Understanding why you feel shaky and sweaty between meals starts with hypoglycemia—low blood sugar. While occasional dips in glucose are normal, repeated or severe episodes deserve attention. This guide explains causes, symptoms, diagnosis and management of hypoglycemia, helping you stay informed and in control.

What Is Hypoglycemia?
Hypoglycemia happens when your blood sugar (glucose) drops below normal levels—generally under 70 mg/dL. Glucose is your body's main energy source. When levels dip too low, your brain and muscles don't get enough fuel, triggering warning signs so you can correct the drop.

Why It Matters
• Energy crash: Low glucose leads to tiredness, weakness and difficulty concentrating.
• Safety: Severe hypoglycemia can cause fainting, seizures or accidents if you're driving or working at heights.
• Underlying conditions: Recurring lows may signal diabetes-related medication issues or other health problems.

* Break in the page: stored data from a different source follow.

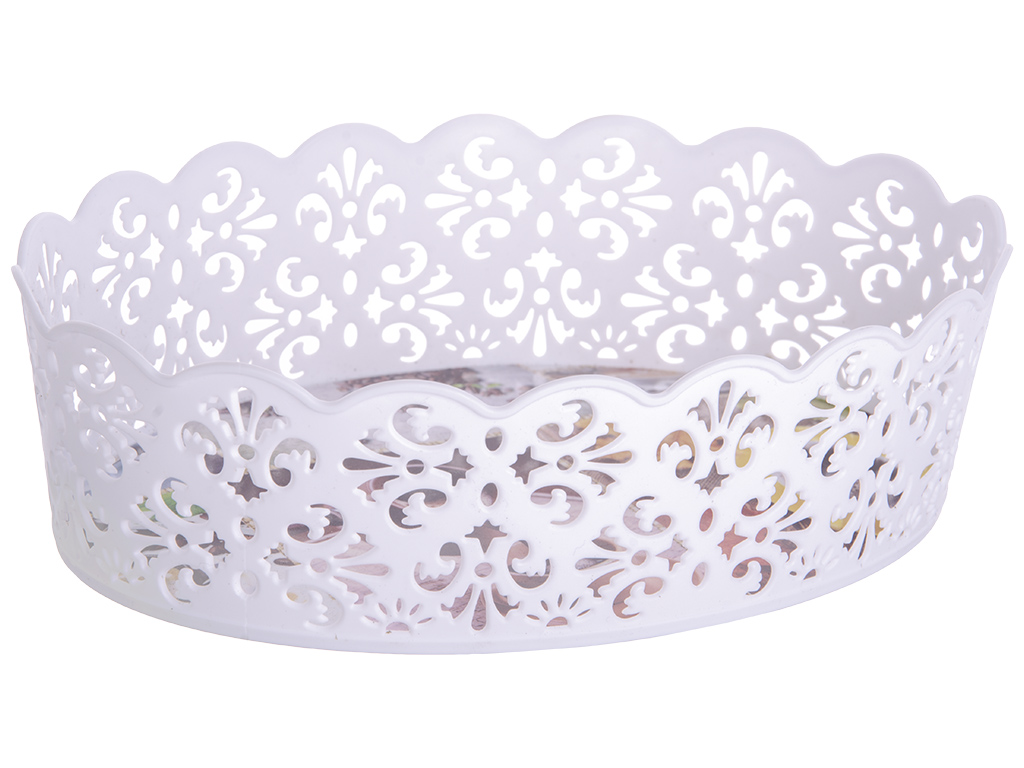 Размер: 21х15,8х6см. Материал: пластик. Упаковка: без индивидуальной упаковки. Расцветки ассорти (на дне внутри корзины нанесены красочные изображения), основной цвет пластика белый. Удобная, компактная корзина поможет организовать пространство. Подходит для хранения мелочей в ванной, сладостей на кухне, мелких инструментов на даче или в гараже. Влагоустойчева. Украшена ажурной перфорацией. Без крышки, без ручек.
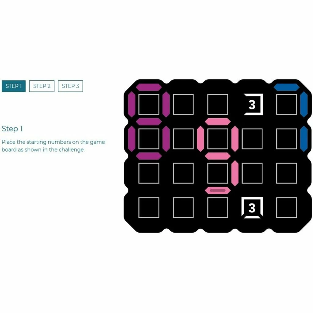 - Game includes: Game board, puzzle pieces 0 to 9, and booklet with 120 challenges and solutions.
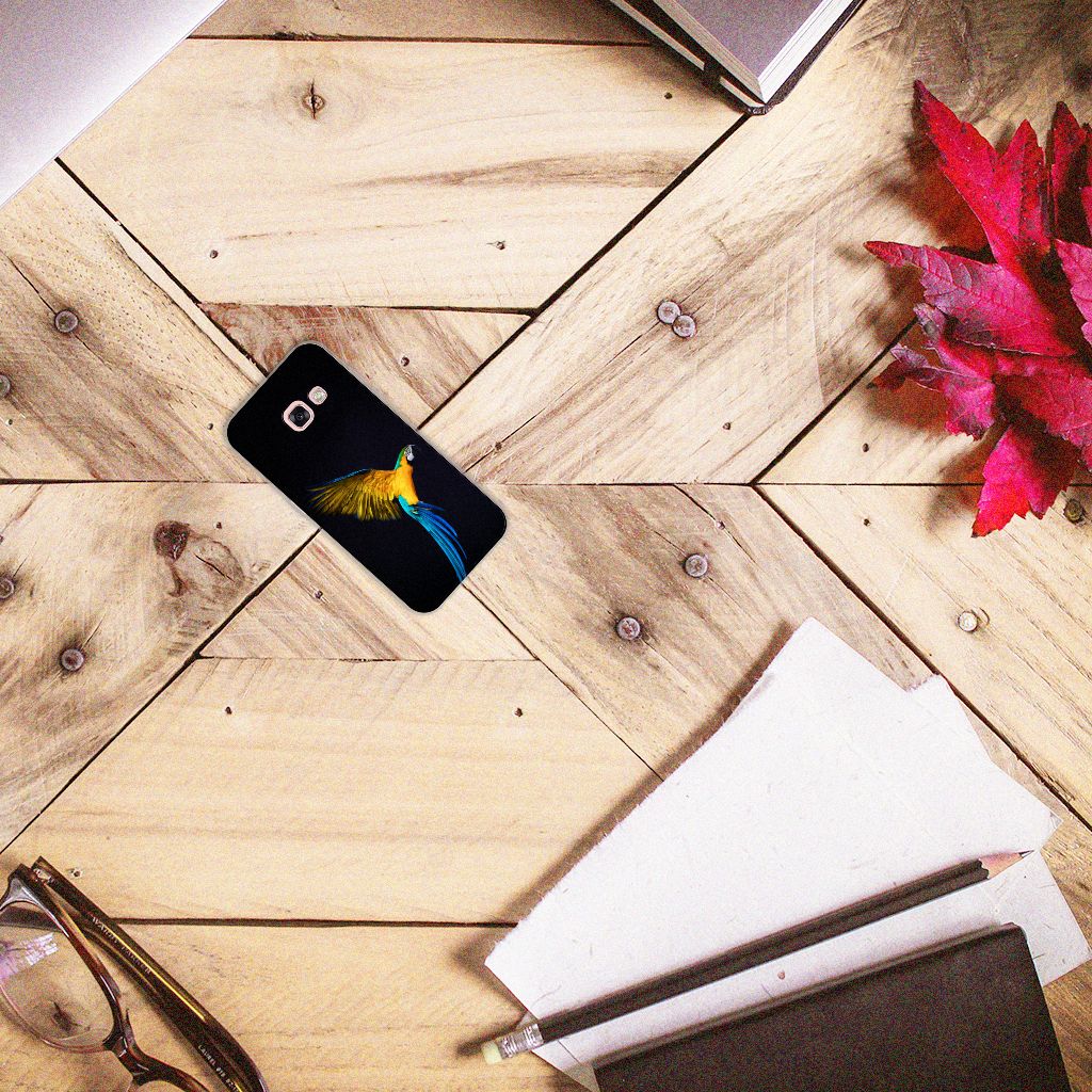 Dit design hoesje met Papegaai tegen een zwarte achtergrond is een zeer flexibele bescherming voor jouw smartphone. Dit komt vooral omdat deze print op een tpu case staat. Dit is een zeer buigzaam hoesje, dat de telefoon vooral aan de achterkant en zijkanten beschermt. De bovenkant van de Samsung Galaxy A3 2017 TPU Hoesje wordt bedrukt met deze schitterende print. De zijkanten blijven doorzichtig. Papegaaien zijn erg sociale vogels die voldoende aandacht en gezelschap nodig hebben. Als je er voor kiest om een papegaai aan te schaffen, is het een goed idee om een koppeltje te nemen. Koop je meerdere tpu cases met een papegaai, dan ga je automatisch minder betalen per hoesje. Wij hanteren een systeem van bundelkorting. Dus koop dit hoesje met opstaande randen voor een spotprijs.
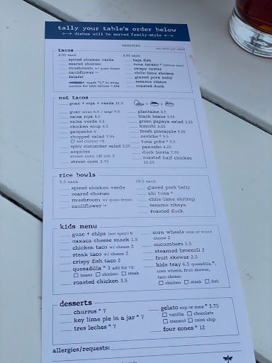 Family style ordering was a little strange, we were a large group and had a lot of trouble figuring out which taco was what. Really great pork belly taco, you can get it as a lettuce wrap too. Drinks were good!
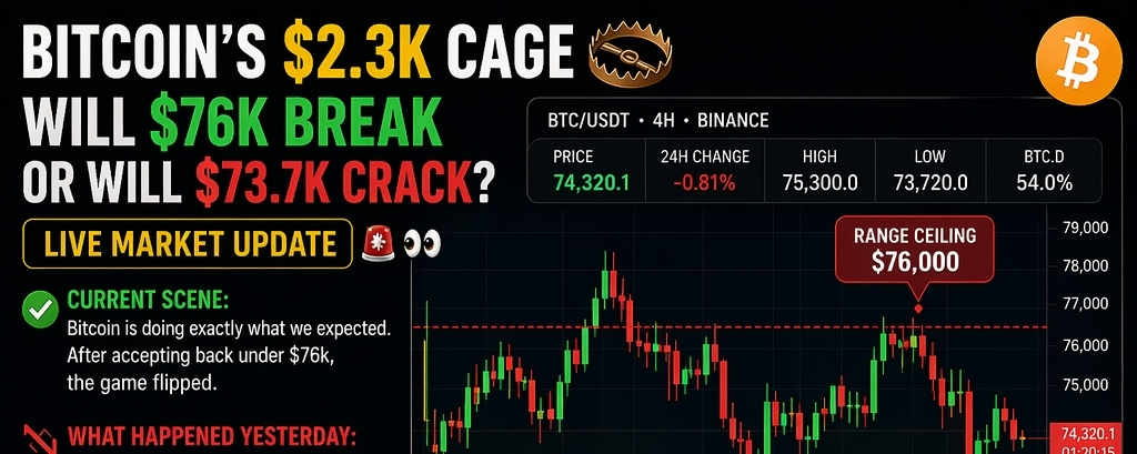 Bitcoin is playing out exactly as anticipated. After losing acceptance above $76K, momentum shifted — and now price is stuck in a tight battlefield.
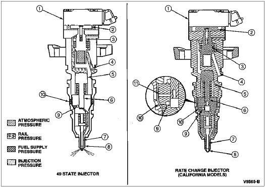 When the fuel injector is energized, a poppet valve is opened by an electronic solenoid mounted on the fuel injector. High-pressure oil from the high-pressure oil pump flows into the fuel injector and acts on the amplifier piston, forcing the piston plunger downward. As the plunger moves down, the increased fuel pressure closes the fuel inlet check ball. Rising fuel pressure overcomes spring pressure and opens the nozzle check valve. Fuel is then injected into the combustion chamber through the eight spray orifices in the nozzle tip at pressures as high as 124,110 kPa (18,000 psi). When the fuel injector is de-energized, high-pressure oil on top of the amplifier piston is vented by the poppet valve through the top portion of the fuel injector to the oil pan.
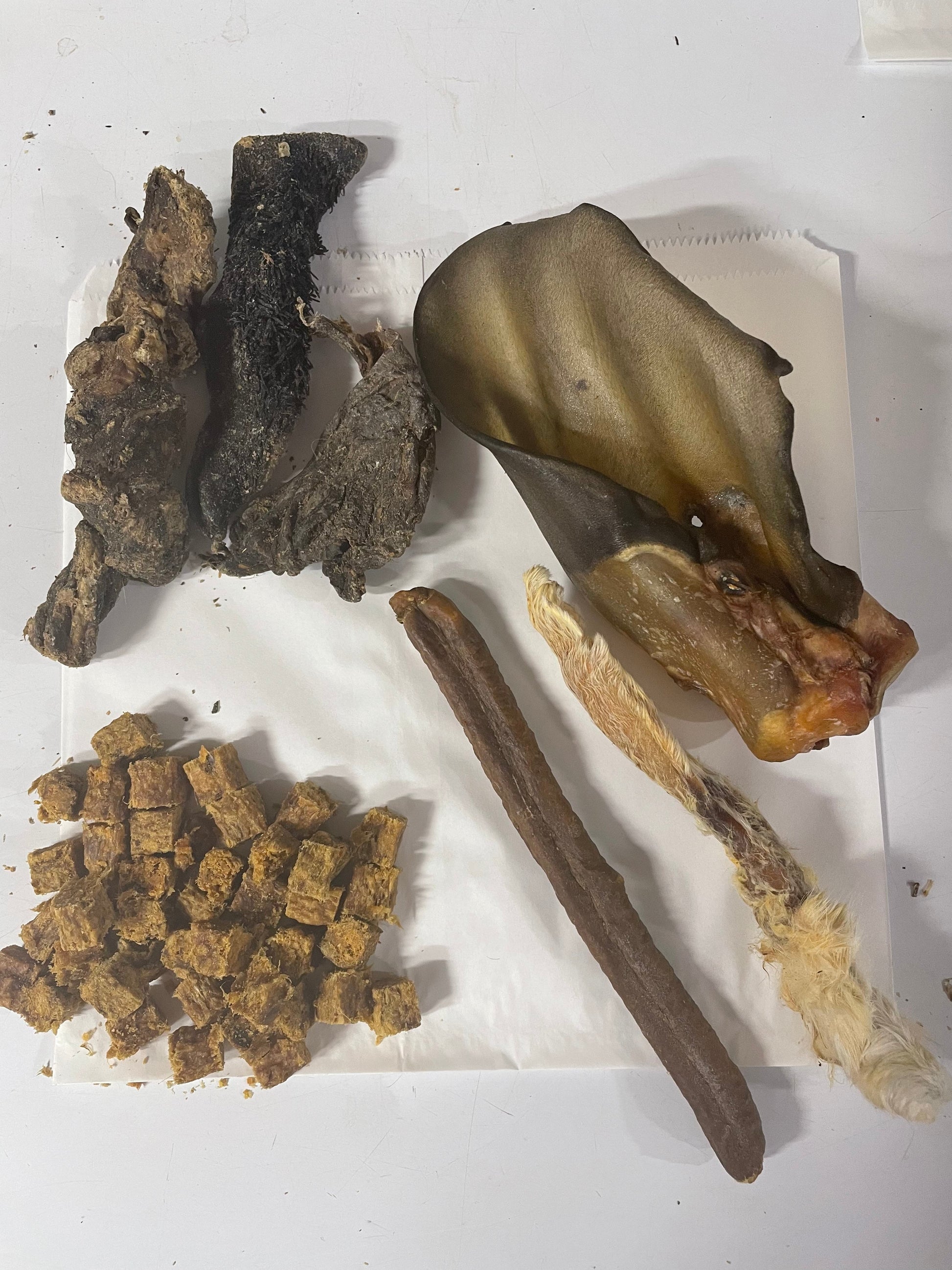 £7.50 Treat Bag: includes 1 Ear (pig or buffalo), 3 Furry Rabbit Ears, 1 Long Sausage (chicken, beef & veg or black pudding); 7 Deli Sausage (liver or turmeric); 1 Dried Pork Kidney; 100g Dried Sprats; 1 Beef Testicle Slice.

Common Causes of Hypoglycemia Between Meals

  1. Skipping or delaying meals
    – Going too long without eating uses up stored glucose.
    – Busy schedules often push meals aside, leading to unexpected drops.
  2. High-intensity exercise
    – Muscles burn extra glucose during and after workouts.
    – Exercising on an empty stomach increases risk.
  3. Diabetes treatments
    – Insulin or sulfonylureas can push blood sugar too low if dosages aren't matched to food intake.
    – Injecting insulin without eating soon after.
  4. Alcohol consumption
    – Alcohol blocks your liver from releasing stored glucose.
    – Even moderate drinking between meals can trigger lows.
  5. Reactive (post-prandial) hypoglycemia
    – A spike in insulin 2–4 hours after a high-carb meal floods your bloodstream and then overshoots.
  6. Rare health issues
    – Hormone deficiencies (cortisol, growth hormone)
    – Insulin-producing tumors (insulinoma)
    – Severe liver or kidney disease

Recognizing Symptoms
Early signs let you act fast to avoid a full crash. Symptoms can vary person to person, but often include:

• Shakiness or tremors
• Sweating (even when you're not hot)
• Hunger pangs or nausea
• Anxiety or irritability
• Heart palpitations
• Lightheadedness or dizziness
• Difficulty concentrating
• Blurred vision

If hypoglycemia worsens, you may experience:
• Confusion or slurred speech
• Loss of coordination
• Extreme fatigue or weakness
• Seizures
• Loss of consciousness

When to Check Your Blood Sugar
If you have a glucometer, test when you feel symptoms. Confirming a low reading (<70 mg/dL) guides your next steps. Keeping a log of symptoms and readings can help you and your doctor spot patterns.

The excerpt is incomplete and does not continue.